:: The records

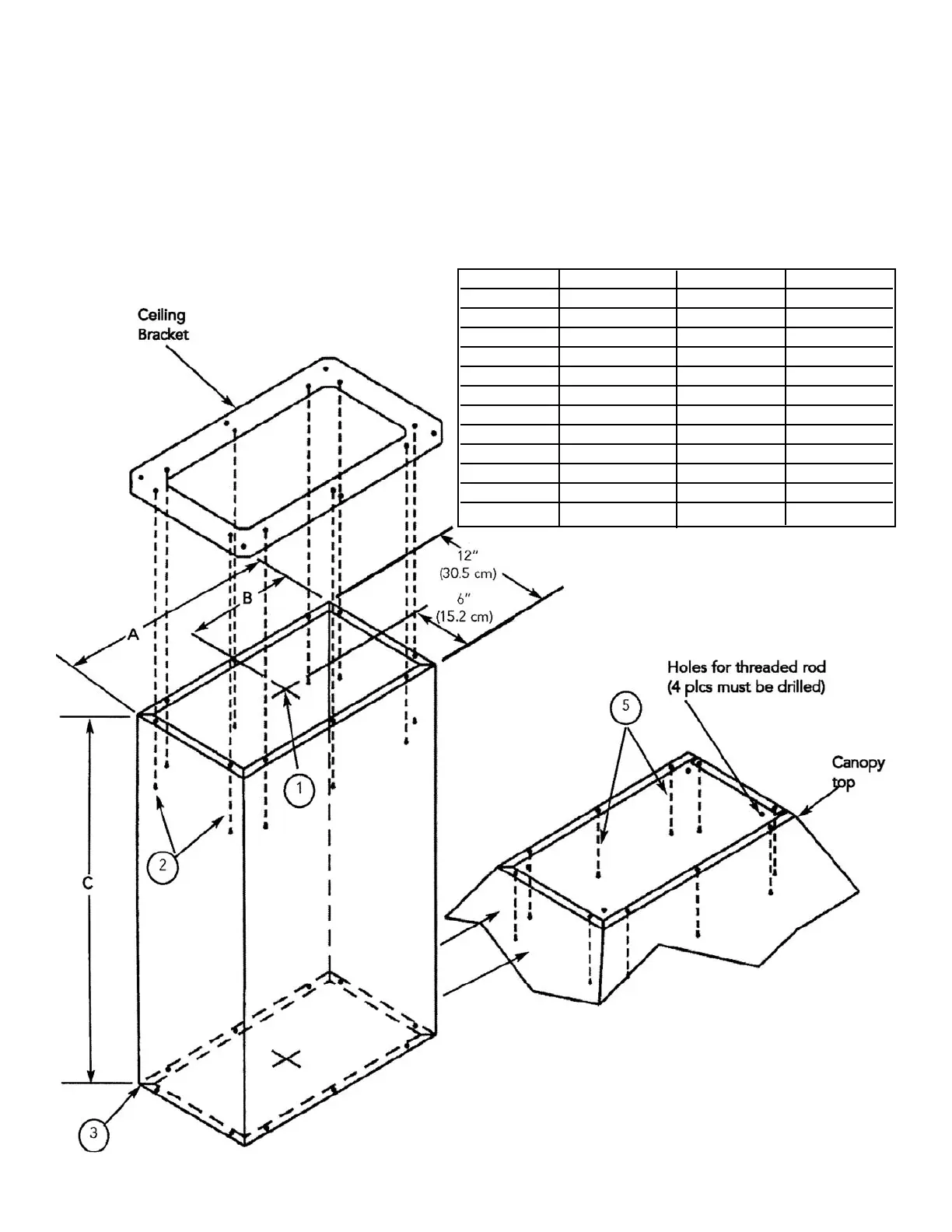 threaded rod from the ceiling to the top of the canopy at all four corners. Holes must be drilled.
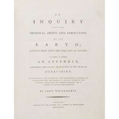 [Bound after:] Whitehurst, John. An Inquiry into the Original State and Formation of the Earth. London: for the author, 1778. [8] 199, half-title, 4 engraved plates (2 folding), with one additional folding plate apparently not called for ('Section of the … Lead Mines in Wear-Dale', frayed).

::::
:: The records

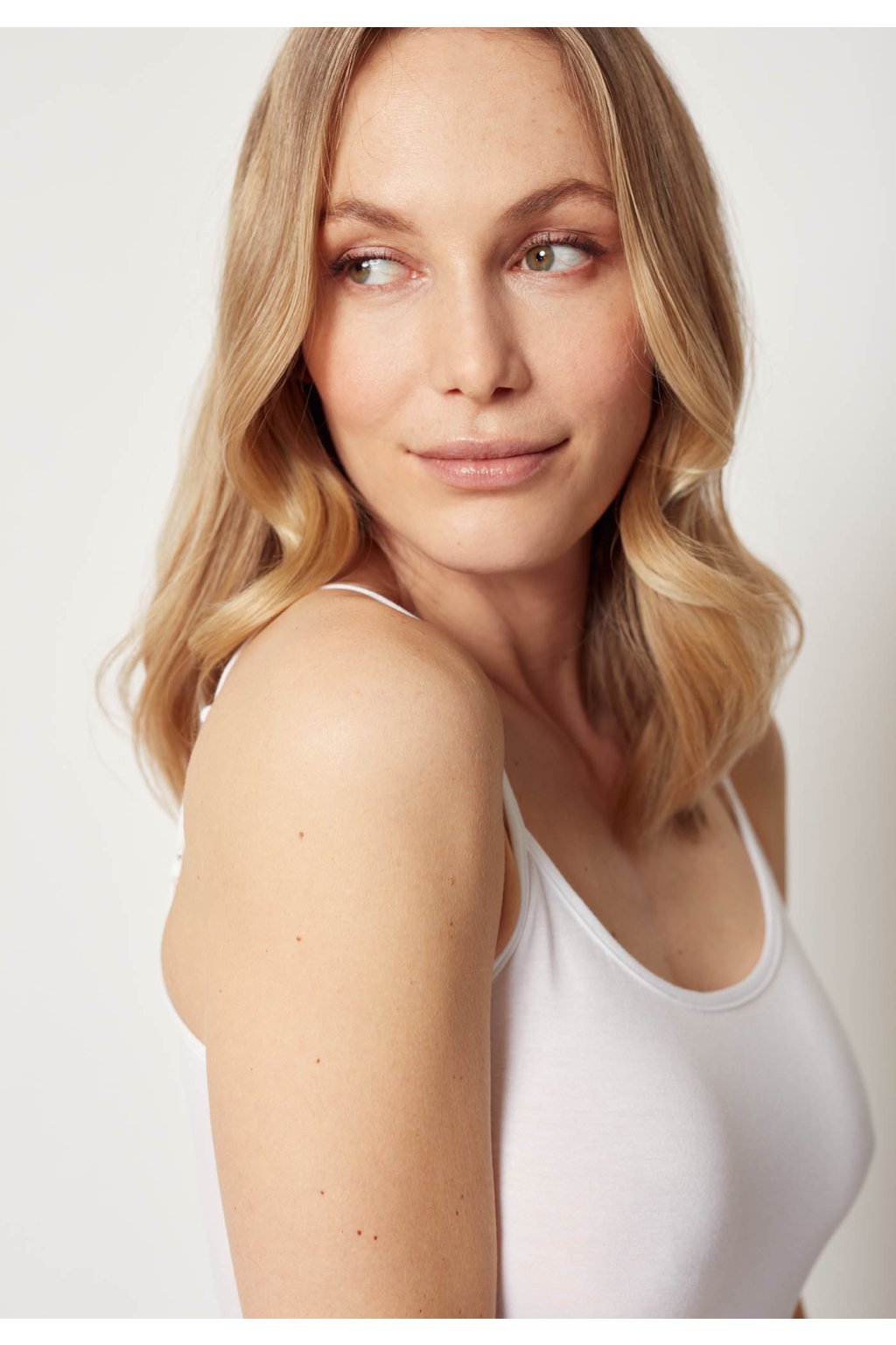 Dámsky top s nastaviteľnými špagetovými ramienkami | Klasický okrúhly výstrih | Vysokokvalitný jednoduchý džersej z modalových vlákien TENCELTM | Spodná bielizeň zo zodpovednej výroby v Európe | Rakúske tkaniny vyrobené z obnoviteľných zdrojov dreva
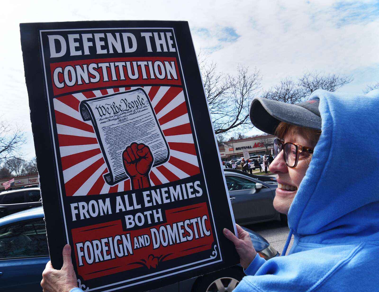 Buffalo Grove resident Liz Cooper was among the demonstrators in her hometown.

::::
:: The records

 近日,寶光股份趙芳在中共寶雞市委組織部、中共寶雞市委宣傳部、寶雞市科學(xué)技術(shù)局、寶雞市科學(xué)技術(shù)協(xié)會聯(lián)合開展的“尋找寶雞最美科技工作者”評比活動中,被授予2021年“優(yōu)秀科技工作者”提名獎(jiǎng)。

::::

* _Activity_
Keep to the stretch from the line containing "Dámsky top s" through the line containing "Buffalo Grove resident", both ends included, and copy it exactly from the listing above, minus the pictures.

* _Finished task_
 Dámsky top s nastaviteľnými špagetovými ramienkami | Klasický okrúhly výstrih | Vysokokvalitný jednoduchý džersej z modalových vlákien TENCELTM | Spodná bielizeň zo zodpovednej výroby v Európe | Rakúske tkaniny vyrobené z obnoviteľných zdrojov dreva
 Buffalo Grove resident Liz Cooper was among the demonstrators in her hometown.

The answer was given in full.